Еще в конце 1924 года на имя наркоминдел а Чичерина прибыла телеграмма, приглашающая Советскую Россию участвовать в Международной выставке декоративных искусств и художественной промышленности. Выставка должна была состояться в Париже с мая по октябрь следующего года. Приглашение было принято.
...По обоим берегам Сены кипела огромная стройка. Советский павильон сооружался по проекту молодого архитектора, преподавателя ВХУТЕМАСа Константина Мельникова. В подготовке экспозиции большое участие приняли Владимир Маяковский и Александр Родченко: разрабатывали рекламу, редактировали каталоги, изготовляли макеты плакатов и вывесок. Интерес к строящемуся советскому павильону оказался всеобщим — я среди друзей, и среди врагов Советской России, дерзнувшей показать миру, чего она достигла за несколько мирных лет. Вокруг стройки всегда толпились люди. Проект казался необычным. Широкая лестница как бы рассекала здание по диагонали, делая свободным доступ во все внутренние помещения. Их стены соединялись под разными углами, потолки были наклонены. Удачное цветовое решение павильона, предложенное А. Родченко, пересекающиеся наклонные плоскости и высокая мачта с надписью «СССР», ребристая крыша, обилие стекла — все это придавало архитектурному сооружению вид фантастической постройки будущего. В толпе не было равнодушных. Одни восторгались и хвалили, другие критиковали, смеялись, глумились. Газеты изощрялись в подписях под фотографиями: «Красный барак Советов», «Бессмысленный ящик», «Оранжерея», «Нищенский дом». И лишь влиятельная газета «Котидьен» написала: «Высокий советский павильон, серый и красный, — настоящий стеклянный дворец, неведомой до сих пор формы, будет безусловно гвоздем этой выставки».

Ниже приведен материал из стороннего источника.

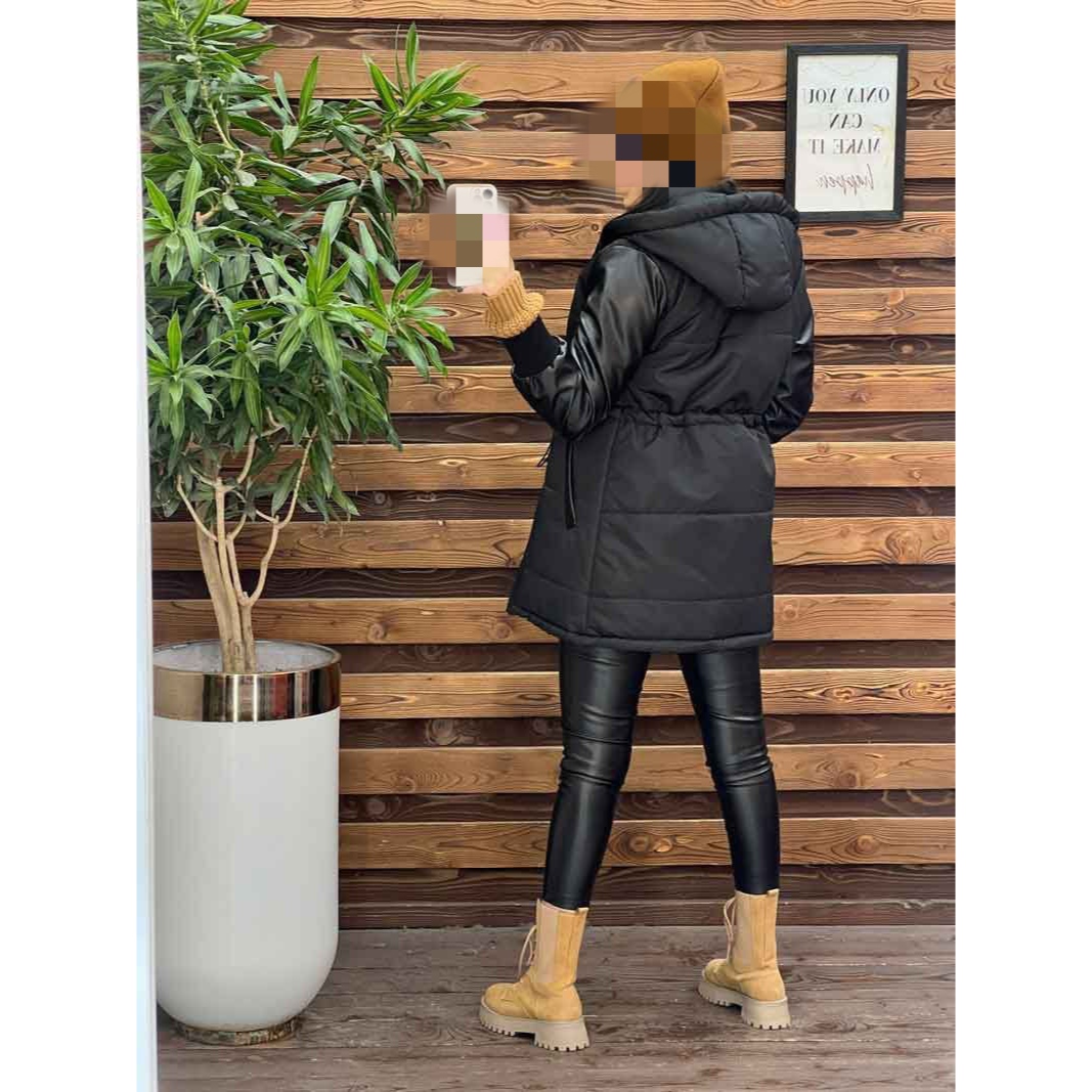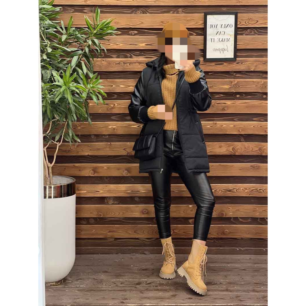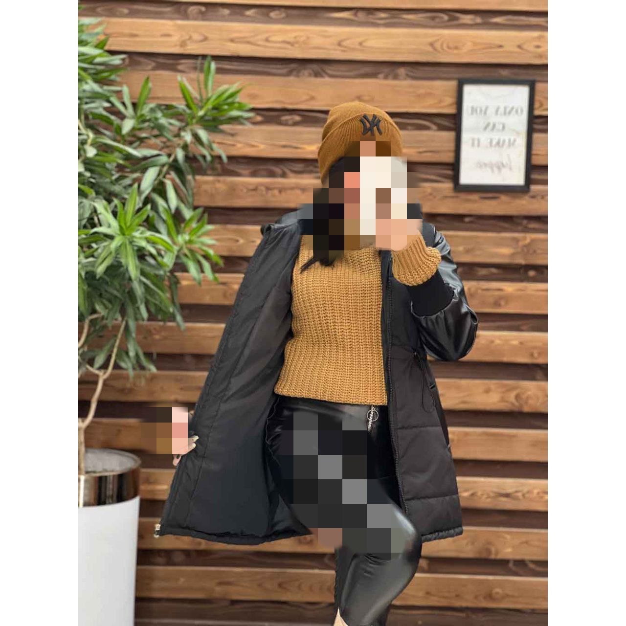 کد 021107 کاپشن آستین چرم مموری قد ۷۵ فری سایز ۳۸ تا ۴۶ ایزی شاپ آنلاین

Двадцать павильонов разворачивали свои экспозиции. Англичане построили свое здание, пронизав его почему-то индийскими мотивами. Бельгийский павильон с двадцати пятиметровой башней походил на театр. Огромное итальянское здание с мрачными колоннами из мрамора и серого камня, с обилием золотых украшений и гербов было признано самым бездарным сооружением за последние двадцать пять лет. Хозяева выставили ряд построек, сооруженных разными фирмами. Из них выделялись лишь те, что были выполнены группой «Esprit Nouveau», возглавляемой Корбюзье. Пестрота, разностильность, тяжеловесность характеризовали сооружения, возведенные большинством стран на Международной выставке, почти законченной к маю. Об участии СССР в Парижской выставке высказался и Красин. «Одним из путей сближения с французским народом является наше участие на выставке, — писал он. — Революция в России создала не только новые формы политического и хозяйственного строя, не только выковала в огне гражданской войны железную волю пролетариата к удержанию раз завоеванных им позиций, но воспитывает и новую психику свободного своей трудовой жизни человека... Наше скромное по внешности выступление, я думаю, прикует к себе внимание всего мира не в меньшей степени, чем огромные дворцы буржуазных стран. Слишком велика общая сила притяжения пролетарского государства».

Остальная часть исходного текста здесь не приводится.